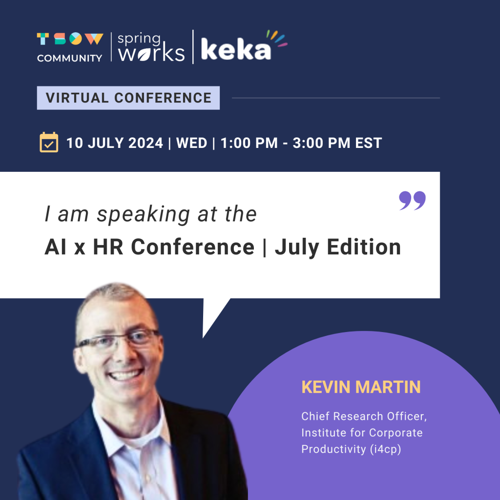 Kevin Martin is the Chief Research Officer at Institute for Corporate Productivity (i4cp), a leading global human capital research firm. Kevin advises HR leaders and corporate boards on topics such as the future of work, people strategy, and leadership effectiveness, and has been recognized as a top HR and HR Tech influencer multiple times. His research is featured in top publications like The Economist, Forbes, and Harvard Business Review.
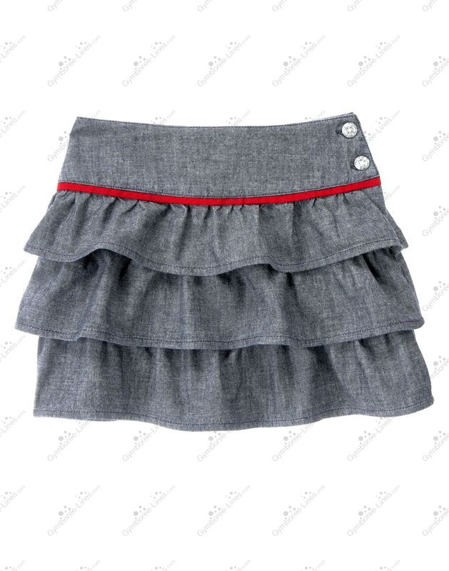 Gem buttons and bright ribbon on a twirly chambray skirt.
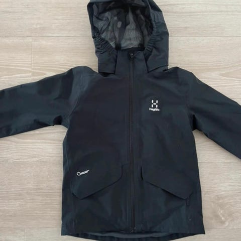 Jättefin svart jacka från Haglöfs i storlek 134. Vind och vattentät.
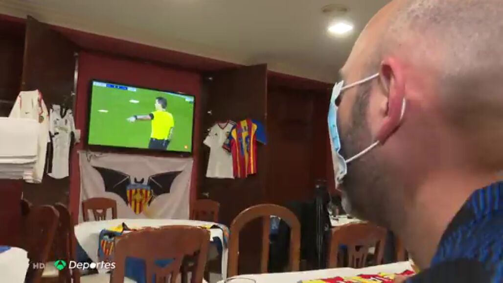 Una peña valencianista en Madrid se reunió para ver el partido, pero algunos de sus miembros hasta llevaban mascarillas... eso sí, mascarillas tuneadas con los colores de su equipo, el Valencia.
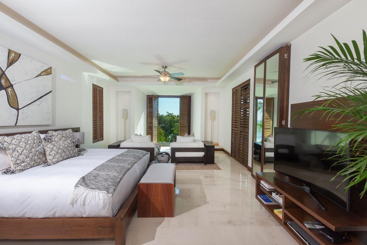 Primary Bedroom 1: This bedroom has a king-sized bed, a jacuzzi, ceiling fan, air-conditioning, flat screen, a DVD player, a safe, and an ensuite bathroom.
#####
All of the entries need to be copied exactly, minus any pictures.

● COMPLETED TASK:
 Kevin Martin is the Chief Research Officer at Institute for Corporate Productivity (i4cp), a leading global human capital research firm. Kevin advises HR leaders and corporate boards on topics such as the future of work, people strategy, and leadership effectiveness, and has been recognized as a top HR and HR Tech influencer multiple times. His research is featured in top publications like The Economist, Forbes, and Harvard Business Review.
 Gem buttons and bright ribbon on a twirly chambray skirt.
 Jättefin svart jacka från Haglöfs i storlek 134. Vind och vattentät.
 Una peña valencianista en Madrid se reunió para ver el partido, pero algunos de sus miembros hasta llevaban mascarillas... eso sí, mascarillas tuneadas con los colores de su equipo, el Valencia.
 Primary Bedroom 1: This bedroom has a king-sized bed, a jacuzzi, ceiling fan, air-conditioning, flat screen, a DVD player, a safe, and an ensuite bathroom.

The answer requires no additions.